On Qemu, because such a huge number of instructions are emulated by one CPU before it switches to another CPU, the chance of a different CPU accessing "[somewhere]" at the wrong time is very low, and it's likely that you won't see a problem. On Bochs, because far less instructions are emulated between CPU switches it's likely that you will see a problem fairly often. On a real computer there's even more chance of seeing a problem than there is on Bochs.

Now imagine what happens if you change it to this:

Code: Select all

.wait:
    bts dword [somewhere],0     ;Set the first bit and return previous bit's state in carry flag
    jc .wait

Here, because both Qemu and Bochs emulate one instruction at a time, you will never see a problem at all. However, on a real computer, 2 CPUs could read "[somewhere]" at the same time, then both update the value at "[somewhere]" and both think they have the lock. On real CPUs you'd have to use "lock bts dword [somewhere],0" to ensure that only one CPU can do the "bts" instruction at a time.

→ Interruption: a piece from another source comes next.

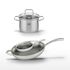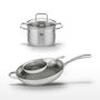 - COMPOSITION : Structure Triply en acier inoxydable 18/10 avec noyau en aluminium pour les poêles, et acier inoxydable avec couvercle en verre pour le faitout.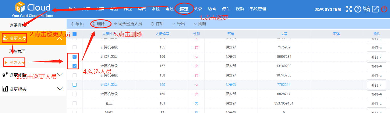 点击【巡更】-【巡更人员】-勾选人员-点击【删除】。如下图所示:

Of course this is just a silly example to demonstrate what can happen when there's race conditions and/or dodgy locking - I'm sure your problem looks very different.

Cheers,

Brendan

Posted: **Tue Jan 31, 2012 11:56 pm**

Brendan,

Thank you for your reply which is thoughtful as always.

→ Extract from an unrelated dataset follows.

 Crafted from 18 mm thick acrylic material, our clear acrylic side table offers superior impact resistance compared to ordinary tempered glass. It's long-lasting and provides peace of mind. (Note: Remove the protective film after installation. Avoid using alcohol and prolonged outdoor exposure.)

I have not done anything to "turn on" a second CPU, even if more than one is being emulated. Though I have not read the section on activating additional CPUs in the intel guides, I assumed activating them was an explicit task. I will have to read up on that regardless of the underlying root of the problem.

Thanks

Posted: **Wed Feb 01, 2012 12:36 am**

Hi,

eryjus wrote:I have not done anything to "turn on" a second CPU, even if more than one is being emulated. Though I have not read the section on activating additional CPUs in the intel guides, I assumed activating them was an explicit task. I will have to read up on that regardless of the underlying root of the problem.

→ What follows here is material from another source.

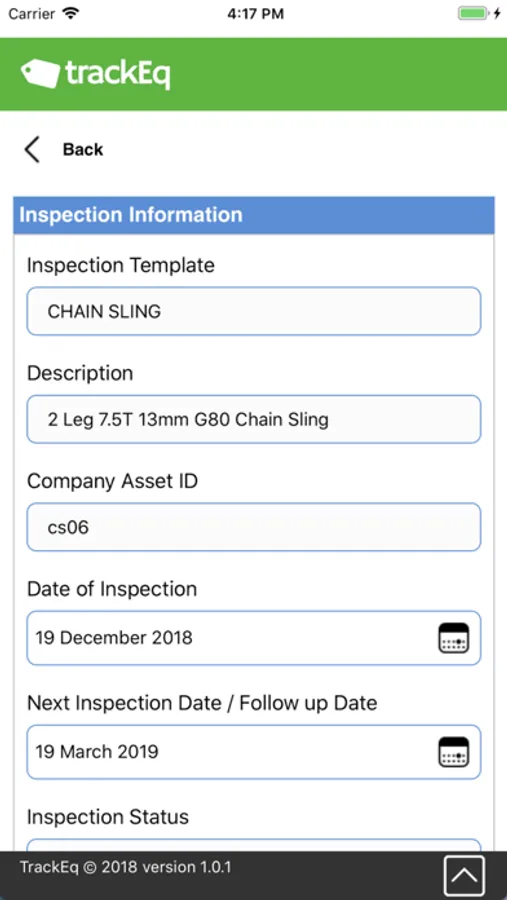 TrackEQ is a powerful but simple compliance and asset tracking platform that allows businesses real-time visibility of asset status information. Providing you with precise status and inspection data on each and every asset helps businesses of all sizes to take control of their assets, helping to ensure safety and removing costly mistakes with worn and unsafe equipment.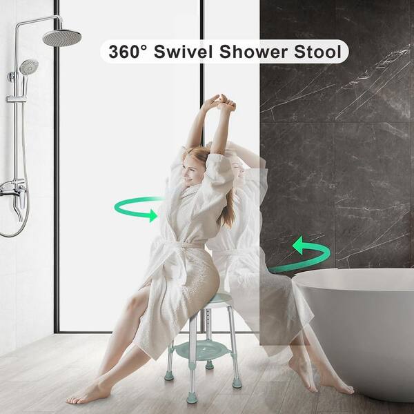 13 in. W Adjustable Tub Seat Plastic Shower Stool in Green w/ Storage Tray Anti-Skid Feet for Seniors Handicap 350 lbs.

Doh - I assumed, and we all know how that works..

You do have to activate other CPUs explicitly, and you can't do that by accident.

That only leaves timing related problem/s in the semaphore code, IRQ handler/s or scheduler. I can't think of anything that would fail to show symptoms on Qemu, unless it's sensitive to CPU speed (as Bochs is a little slower than Qemu). Maybe on Bochs the process receives the character but (sometimes) doesn't quite get enough time to print the character before the scheduler's IRQ causes a task switch.

Cheers,

Brendan

Posted: **Sat Feb 04, 2012 5:45 pm**

Brendan,

Thank you for your guidance. It turns out I had a couple of things to deal with.

I did find a bug in my semaphore code picking the right process to rechedule to when the blocked process releases. I remembered your reply to my first post (http://forum.osdev.org/viewtopic.php?f=1&t=24452) and your coaching on how to code Reschedule():

I recommend that people begin with a "Switch_To_Thread(Thread_ID)" function. Your "Reschedule()" would decide which thread to switch to and then call the "Switch_To_Thread(Thread_ID)" function; and other parts of the kernel will call "Reschedule()" or "Switch_To_Thread(Thread_ID)" directly.

Thanks again for that. I did go back and fix my error.

Second, I do have a timing issue. What is happening is that a process will unblock and the timer will fire and ask for a reschedule before a character will be allowed to print. Ultimately, the process goes from blocked to running to ready queue before the letter is printed and that changes the order of the letters until the next instance of the timing condition.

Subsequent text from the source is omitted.